3D-Daz Daz3d Art - Show Us Your DazSkill

5.00 star(s) 12 Votes

PikZik

Member
Oct 3, 2020
287
6,397
Holly hell - 6h30?! I am also on a GTX 1060, tend to go with 500its. And I can generally get away with a 30min render (w/Denoiser). Some situations it goes 2hrs and the resulting quality is crap. Generally, there's a window involved when that happens.

Can any of the Pros here identify from that image above what may have cost him so much rendering time? Anything most obvious that would have? Or is it all just a problem, collectively? Any recommendations to help alleviate the strain?

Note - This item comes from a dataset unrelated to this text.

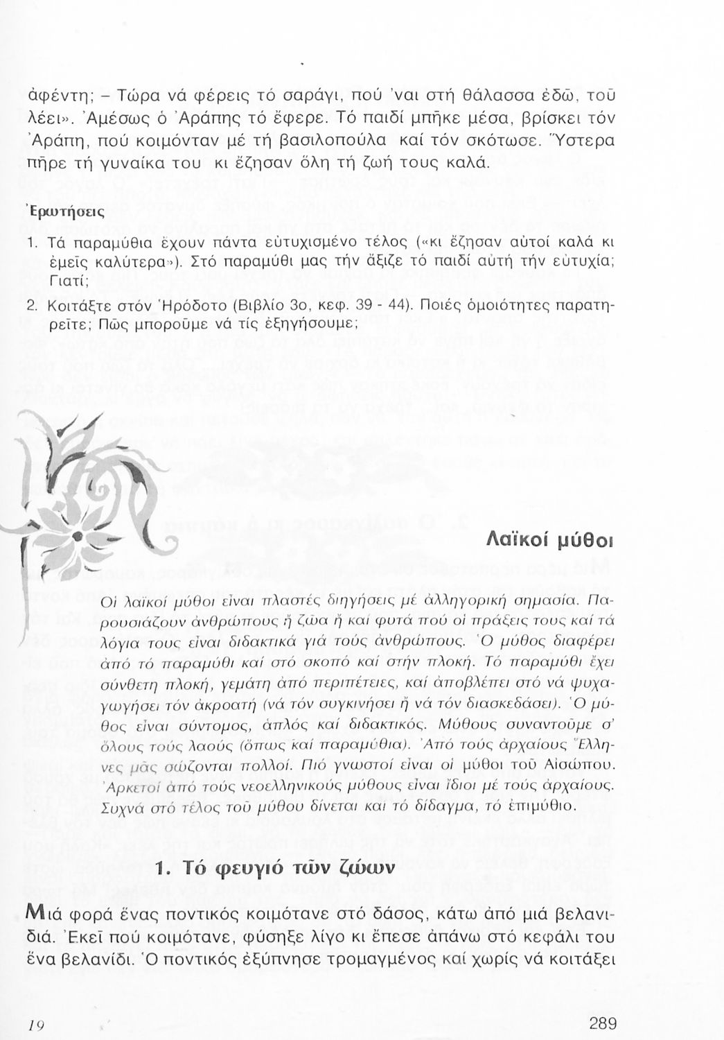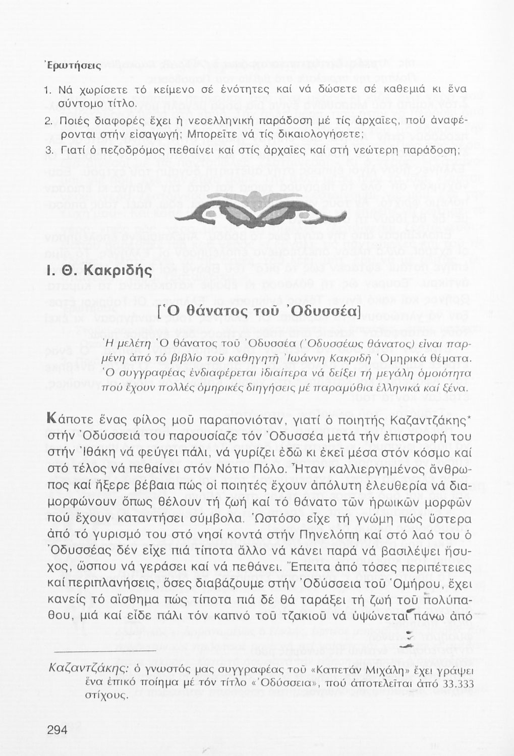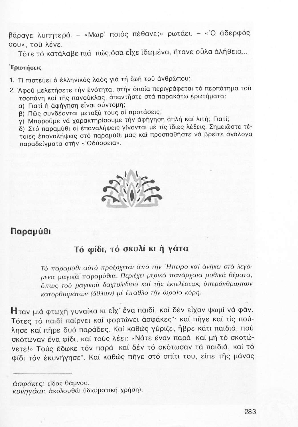 Σχολικό εγχειρίδιο Νέων Ελληνικών Α΄ Γυμνασίου που περιλαμβάνει δοκίμια, πεζά και ποιήματα Ελλήνων συγγραφέων και δημοτικά τραγούδια εμπνευσμένα από τη θρησκευτική, εθνική και κοινωνική ζωή, τη "δοκιμασία της ...

-Beautiful shot, btw. She may have been worthy ; )
Cpu rendering is slow...Really fucking slow. i had a 3gb 1060 before i got the 12gb 3060 and getting any image to fit in that was pretty much impossible
As grohotor wrote CPU rendering is a pain in the ass.
The reason is pretty simple for this rendering time. Iray doesn't handle light refraction and reflection very well.
In my pic, the window is really huge so the different lightings (HDRI, Emissive, Ghost, Spot, Point lights) bounce a lot on it. If you add the other shaders (skin, plant, metal, wood planks, etc), the reflection of the scene in the window, etc, you have a long, very very long rendering time.
Hence the reason why i often use postwork for layering. ;)

Edit: It's also my fault 'cause I used the Solid Glass shader instead of the Thin one but I like how it double the reflection of the character.
Plus I didn't want to change the tone mapping settings not to darken the cityscape too much so I set the lights not too bright (except the point on the face).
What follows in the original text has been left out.